And I had to start crying like a little kid while I was peeling the plaster off my cut. I guess it's just a mixture of emotions from tiredness, pain and the feeling of missing you.
Monday, July 21, 2008
Workamaniac
I just got home, like, one hour ago. I lead a very sad working life, and I really hope that I wouldn't be this much of a workaholic when I become a full-fledged working adult. The arduous process of trying to endure the blasting air-conditioning, that son of a bitch lady boss sitting in that corner, the humungous pile of colourful files on my table, each nesting a little disaster in them.
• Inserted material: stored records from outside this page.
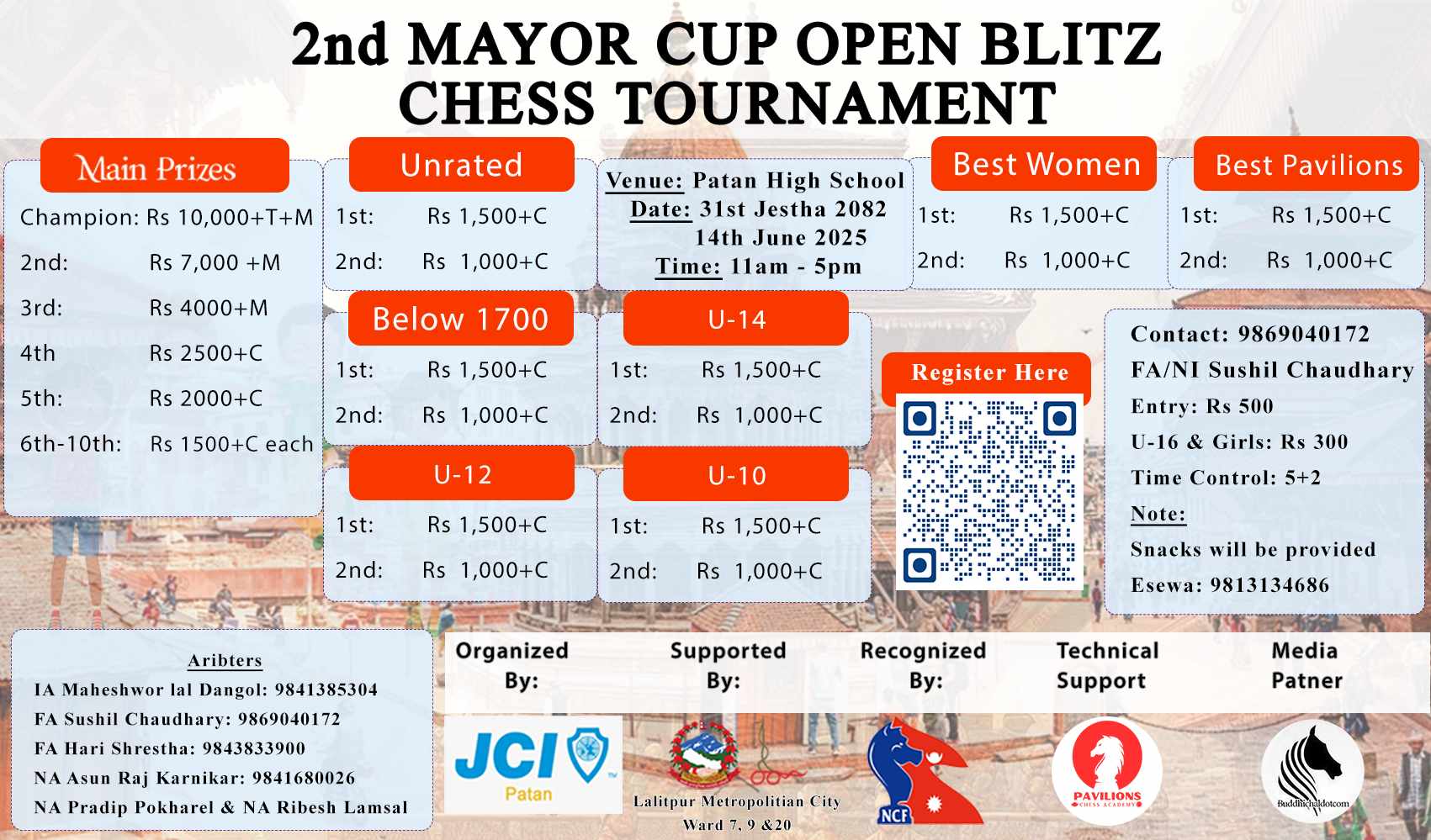 ललितपुर, जेठ २७ – पाटन जेसीसको आयोजनामा हुने दोस्रो मेयर कप खुल्ला ब्लिज रेटिङ्ग बुद्धिचाल प्रतियोगिता आगामी जेठ ३१ गते शनिवारका दिन पाटन स्कूल, पाटनढोकामा सम्पन्न हुने भएको छ। मानसिक विकास, रणनीतिक सोच, र अनुशासनको प्रोत्साहन गर्ने उद्देश्यले आयोजना गरिने प्रतियोगितामा करीब २०० जना खेलाडीहरूको सहभागिता रहने आयोजकले जनाएका छन्।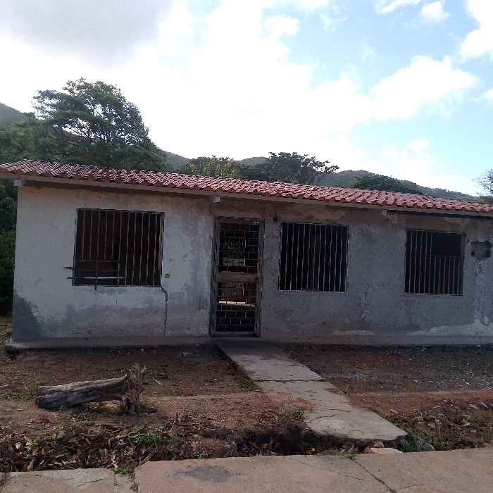 A single-story, rectangular residential structure, located in La Tagua, Venezuela, is depicted under a partly cloudy sky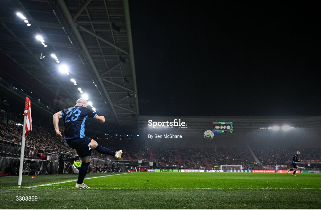 27 November 2025; Kerr McInroy of Shelbourne takes a corner during the UEFA Conference League 2025/26 league phase match between AZ Alkmaar and Shelbourne at AFAS Stadion in Alkmaar, Netherlands. Photo by Ben McShane/Sportsfile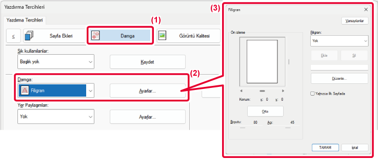 - "Damga" bölümünde [Filigran] seçip [Ayarlar] düğmesini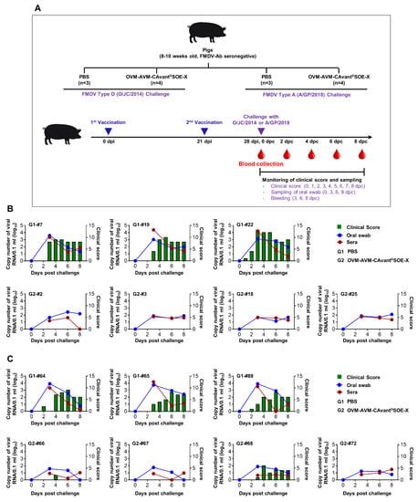 In vivo vaccination challenge experiments in target species is a golden standard for vaccine potency testing []. Therefore, the potency of OVM and AVM emulsified with CAvant®SOE-X (OVM-AVM-CAvant®SOE-X) was assessed in the target animal challenge model. To this end, FMDV serotype O and A antibody-seronegative pigs were intramuscularly immunized twice with OVM-AVM-CAvant®SOE-X or PBS. The immunized pigs were challenged with 105 TCID50 of virulent O/Jincheon/SKR/2014 or A/SKR/GP/2018 virus at 28 dpi (Figure 6A). All pigs immunized with PBS showed typical signs of FMDV and a high level of viremia titers in serum and oral swabs upon O/Jincheon/SKR/2014 or A/SKR/GP/2018 (Figure 6B,C; upper panels). Importantly, animals immunized with OVM-AVM-CAvant®SOE-X were fully protected from the O/Jincheon/SKR/2014 FMDV challenge (Figure 6B lower panels). One of four animals (animal #68) showed signs of FMDV upon infection by A/SKR/GP/2018 (Figure 6C lower panels). However, pigs immunized with OVM-AVM-CAvant®SOE-X showed detectable levels of persistent O/Jincheon/SKR/2014 or A/SKR/GP/2018 viremia in both oral swabs and saliva up to 8 dpc (Figure 6B,C). These results demonstrate that OVM and AVM emulsified with CAvant®SOE-X provides complete clinical protection against homologous virus and partial clinical protection against heterologous virus.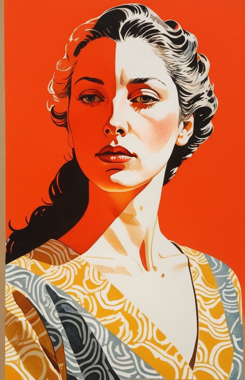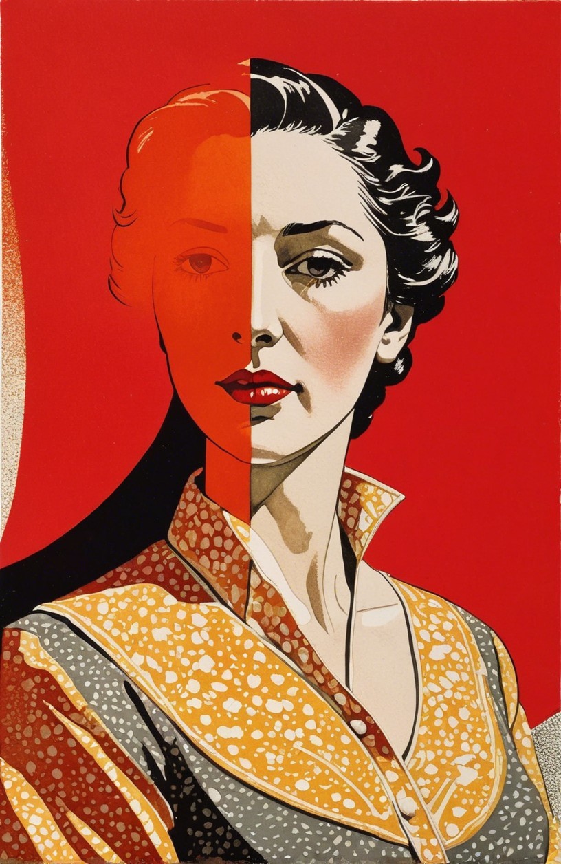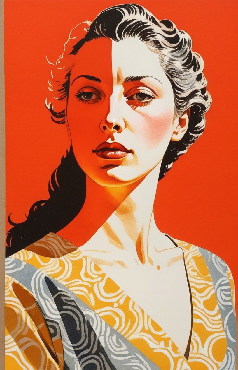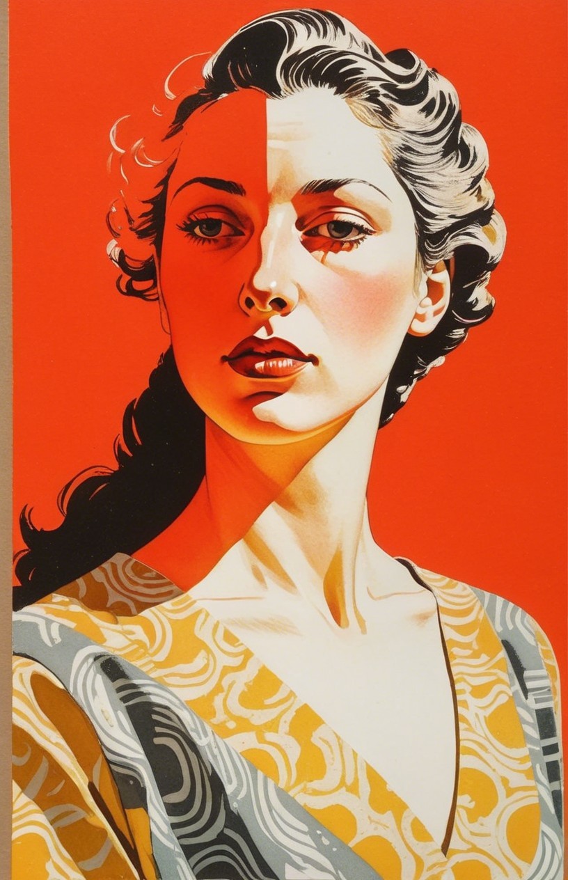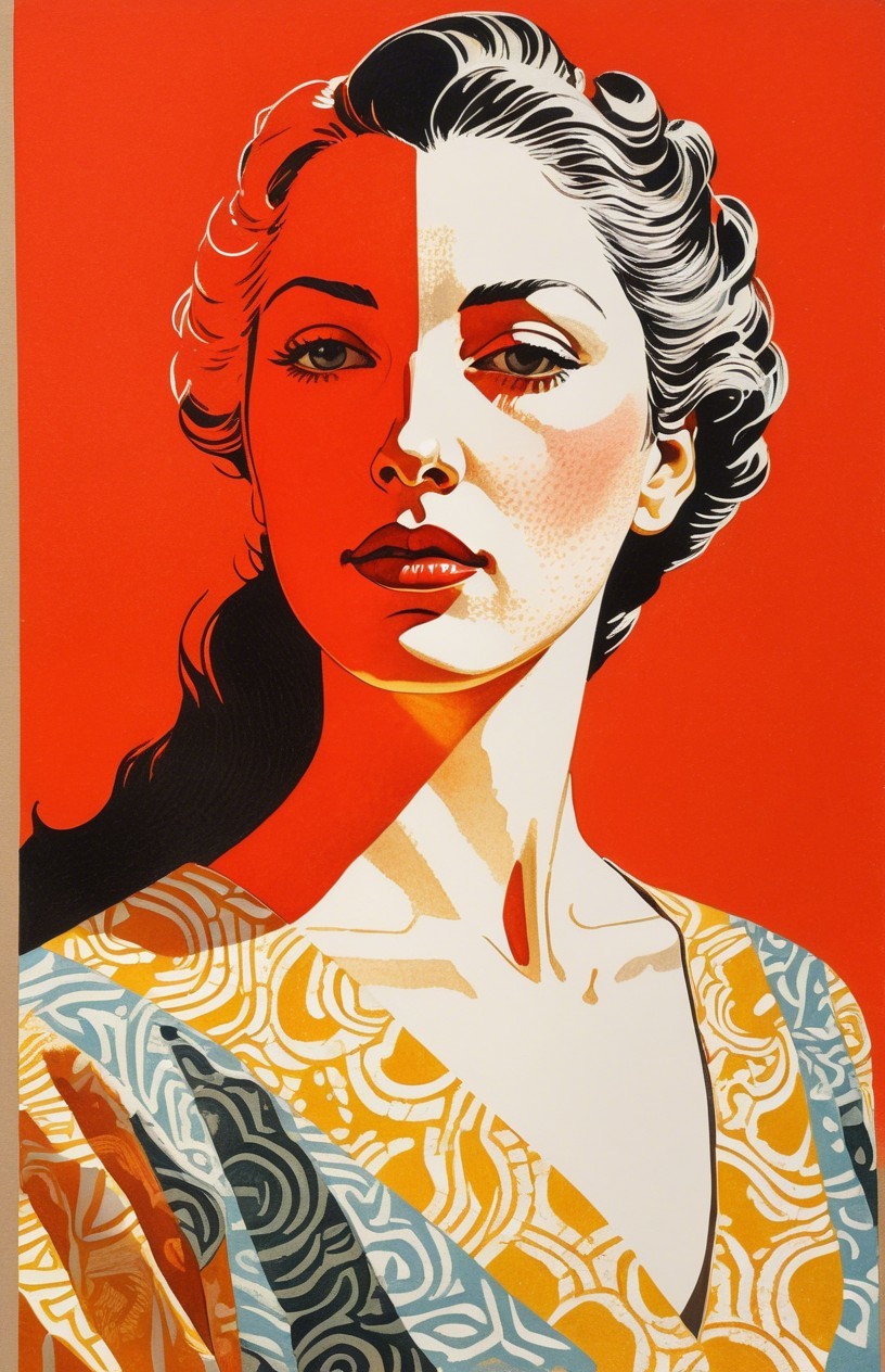 Prompt: painstakingly exact linocut and watercolor wash technique, stylized female headshot by Lucian Freud, side view. Mysterious, gradients of red and dark-white, hues by Sam Toft, mulit-layered eyes, unique, moonlit night setting, looming shadows, intricate carvings, hidden mystical atmosphere, ethereal glow, haunting presence, subtle reflections, allegorical, cinematic lighting, detailed textures, foggy ambiance, matte painting style, high contrast, vivid colors, dappled and rimmed shimmer, low key lighting, contrasting textures, tangled geometric features, translucent and obscuring elements, best quality, by a master matte painter similar to Ed Binkley, angled, close up, lithography reminiscence, gorgeous 1980s fantasy figurine, light leaving across edges before melting into background, cheeky, saucy, perky, fresh, jauntry toned comic book cover art, stippled, embedded three-dimensional structure of patterns and fields, tesselated, cel-shaded, angled, upper body portrait with phong shading, collage style, gradients, high coloring, phong shading 1.7, diffuse lighting and reflections, colored sgraffito in zentangle lines reminiscent of Francis Bacon and Georgia O'Keeffe and Jim Davis, abstract piece with high contrast, featuring asymmetrical designs and intricate shading, fusion of Ho Baron & Endre Penovac's essence, coloring techniques inspired by William Bradley and Carne Griffith's coloring style, paper-cut art techniques, lines by William Bradley, sawtooth wave, negative lucas numbers, Psychosomatic surrealism by Gayane Khachaturian, warm yellow pastel color palette with gradients. Embodiment inspired by Ernst Haeckel, micropen and ink coloring in hues, divisionism, impossible light transitions, angled, champlevé, merged styles of Devin Allen & Paul Kidby, hues by Overton Loyd, 3 point lighting, handsome sketch art approach by Susanne Mason, hues by Ho Baron, incorporating elements of American Gothic and a merged style inspired by Chester Gould, Man Ray, and John Buscema, impossible light transitions, emulsion lifts, whimsical linwork elements, ancient, contoured, blurred background, angled, squiggly outlines, upper body portrait with decay, savage, feminity, vintage vibes, natural, dyed cubist reminiscence by Ed Emshwiller and Catherine Abel, lighting and embodiment by Man Ray, squiggly line-art with pointilism, joyful, easy, pop-art reminiscence

And that mad woman who occasionally throws glares at me just gets on my nerves. Who gives a damn if she earns a 5-figure paycheck and drives some posh car? She acts like a little kid, constantly hungry for attention with her booming voice and haughty struts. And her condescending attitude is such a put-off. Someone lend me a 50 cent coin to scratch her car with. And I just out-talked that troublesome guy from Marketing. He came in in the morning and started to order people around and demanded for his own backlog stuff to be cleared. So I just told him off in a nonchalent way that it's his problem that I can't generate the invoices. What a loser. I've seen so many faces in the adult world, I guess it's time to step out and curb all that bullying. Counting down 14 working days to the end of my misery.